The second obstacle Labour must overcome is to develop a political strategy to implement its economic programme. Whether Labour likes it or not, they will continue to be harassed by the media and by a whole lot of interested voters: will you rule out serving in a Fianna Fail Government (Ursula Halligan was so obsessed by this issue that she didn't even cop the muchmore important news that Labour was rejecting the fiscal conservative consensus). Clearly, Gilmore was uncomfortable on this subject, distancing himself from Jack O'Connor's Fianna Fail-frying pan-Fine Gael-fire analogy. He elaborated to Sean O'Rourke:
'I don't have any personal ambitions (to be Taoiseach) . . . We've always had the ambition that Labour should aspire to lead a government. Whether that happens in the period of time that I'm a leader remains to be seen. I think there there are a lot of people who don't define themselves in terms of Fianna Fail or Fine Gael and want an alternative to that . . Jack O'Connor was expressing his own view. I've worked with Fine Gael in opposition, we cooperate on a number of issues. If you look at the last opinion poll the most likely outcome would be a Labour Fine Gael Government . . . I would prefer to see a change of government.'
If a political strategy is to be divined from this, it's that the election result will determine the composition of the government. For Labour, this is a dangerous route. If it doesn't declare against Fianna Fail then those who want a change of government may be worried that they won't get it if they vote Labour. But declaring against Fianna Fail would undermine Labour's 'independence'; it would be a return to the 1980s formulation when Labour ran on an 'independent platform' but everyone knew it would support Fine Gael if the numbers fell right. Furthermore, it would reinforce the fiction that Fine Gael constitutes a political alternative and that Labour only has a support role (it took Senator Alex White to point out that the most logical coalition partners would be the two right-wing partners).
But, more importantly, it would strand their emerging economic programme. For how in the world would Fine Gael coalesce with a party that calls for spending and borrowing their way out of a recession? In fact, if any party would buy some way into that would be Fianna Fail. This is a fundamental problem that will not go away.
Without a political strategy how can you implement your economic policy? And what's the point of a political strategy without a policy to implement? They are two sides of the same coin.
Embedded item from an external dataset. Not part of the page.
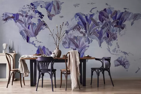 A purple map of the world made from banana leaves - Wall mural (No. c00007v1)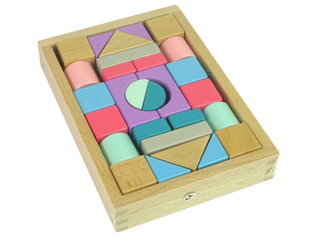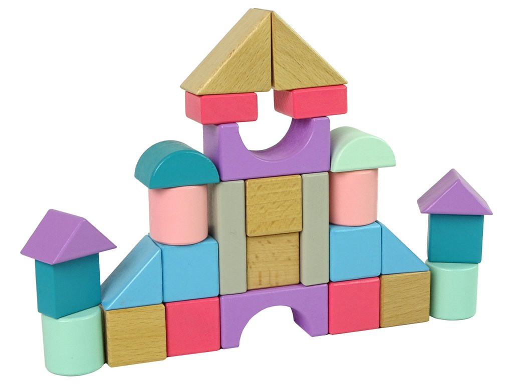 Dřevěné kostky pastelové barvy 28 dílů hrad Nadčasová hračka, se kterou si hráli naši prarodiče, rodiče, my a nyní i naše děti.

But one obstacle at a time. For now, Labour must concentrate on getting to grip with the principles laid down by its party leader – to create an exciting stimulus package that can capture the imagination of voters. In doing that, they may in time find themselves so distanced from the right-wing parties that coalescing with them as a minority partner is not an option. And when that comes, Labour can sit down and devise itself a political strategy that will see it real win power – the power to implement its programme.
Eamon Gilmore, in one of the most provocative and welcome speeches made by a Labour leader in a long time, has launched the party on a new direction. Where it ends up is anyone's guess, but let's hope it's an exciting and progressive place.